I speak conversational Spanish and Russian
I studied music performance in college with voice as my primary instrument
I have a home recording studio where I compose and arrange music
There’s a passage from John Stuart Mill’s “On Liberty” that fundamentally changed how I approach communications: “He who knows only his own side of the case knows little of that. His reasons may be good, and no one may have been able to refute them. But if he is equally unable to refute the reasons on the opposite side, if he does not so much as know what they are, he has no ground for preferring either opinion.”

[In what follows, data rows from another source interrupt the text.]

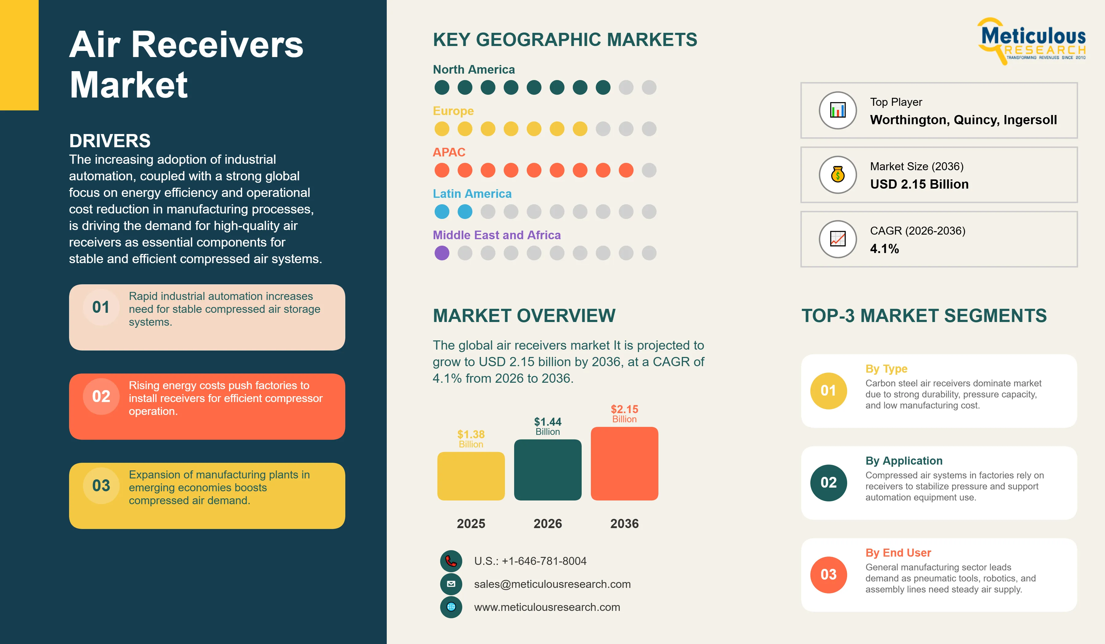 Air Receivers Market by Material (Carbon Steel, Stainless Steel), Orientation (Vertical, Horizontal), Pressure Rating (Low, Medium, High), End-User (Manufacturing, Automotive, Food & Beverage, Oil & Gas, Healthcare), and Geography – Global Forecast to 2036
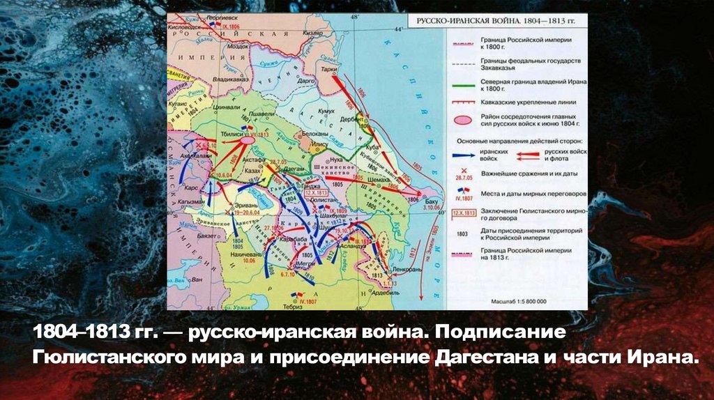 1804–1813 гг. — русско-иранская война. ПодписаниеГюлистанского мира и присоединение Дагестана и части Ирана.
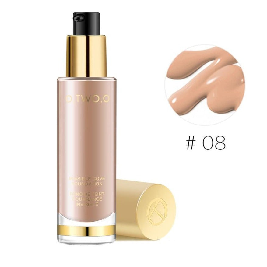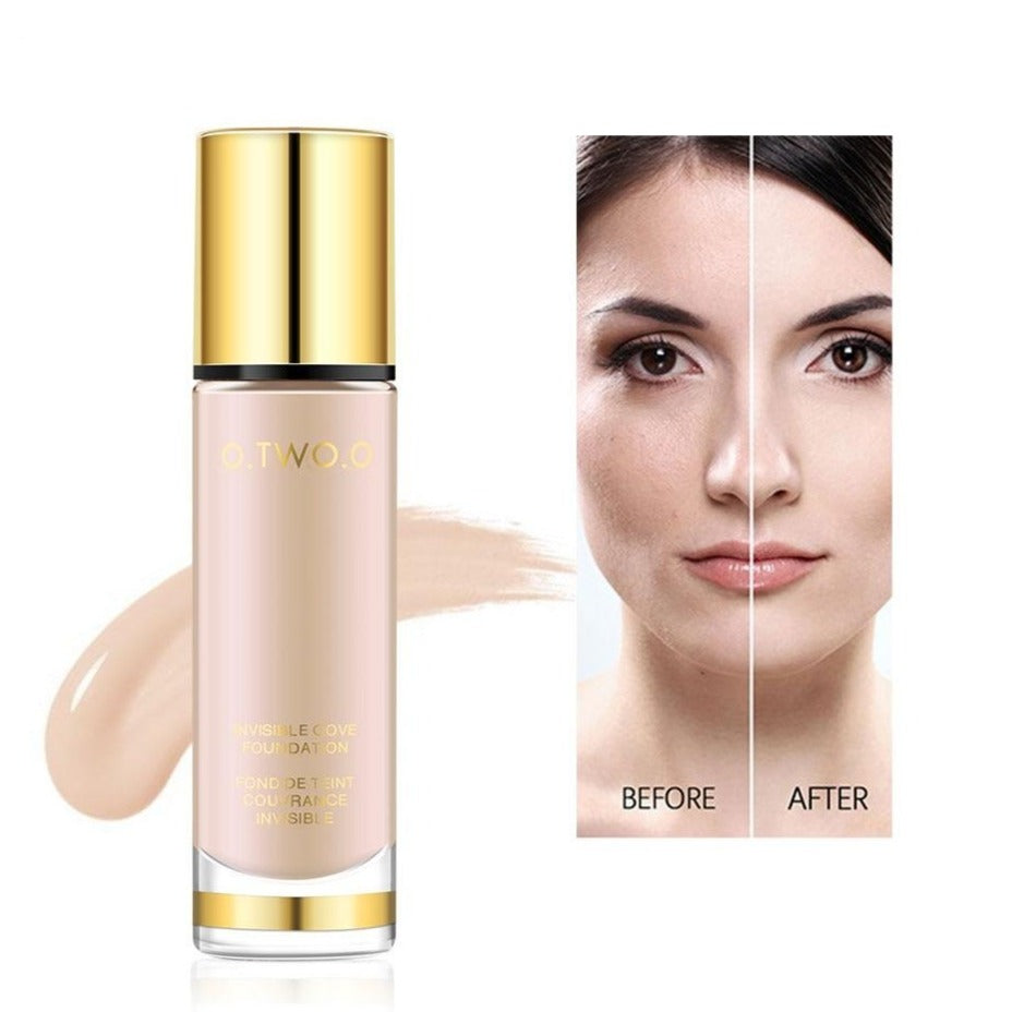 (1)Base Facial Líquida O.TWO.O Alta Cobertura é livre de óleo e não escorre, com duração de horas, se manterá maquiada por todo o dia, tem poder corretivo, de alta cobertura, cobrindo poros Não tem medo de alta temperatura, excelente efeito de controle de óleo, de manhã à noite, a maquiagem inferior é tão bonita como sempre!

This idea has become central to my content strategy work – you can’t create truly effective messaging until you understand your audience’s perspective deeply enough to address their genuine concerns. It’s about intellectual humility and recognizing that the strongest communications come from genuinely understanding different perspectives, not just reinforcing your own position.
Whether I’m developing stakeholder alignment strategies, creating content that needs to resonate across different markets, or simply communicating with colleagues who bring different expertise to the table, this approach of seeking to understand before seeking to be understood has proven invaluable. It transforms conversations from debates into collaborative problem-solving.
Advanced musical composition and theory – taking my foundational training to a truly masterful level. I studied ear training and music theory in college as part of my music minor, doing dictation work and learning to play by ear, but I’d love to have complete fluency with those building blocks. As someone who’s fascinated by the compositional elements of both music and language, music feels like the supreme system – the way harmony, rhythm, and melody interact is incredibly sophisticated. Having that level of mastery would unlock so many creative possibilities, from being able to hear complex chord progressions and immediately translate them to piano, to understanding advanced harmonic relationships that could take my songwriting to an entirely different level. Music theory is like linguistics for sound, and I’d love to be as fluent in that language as I am with words.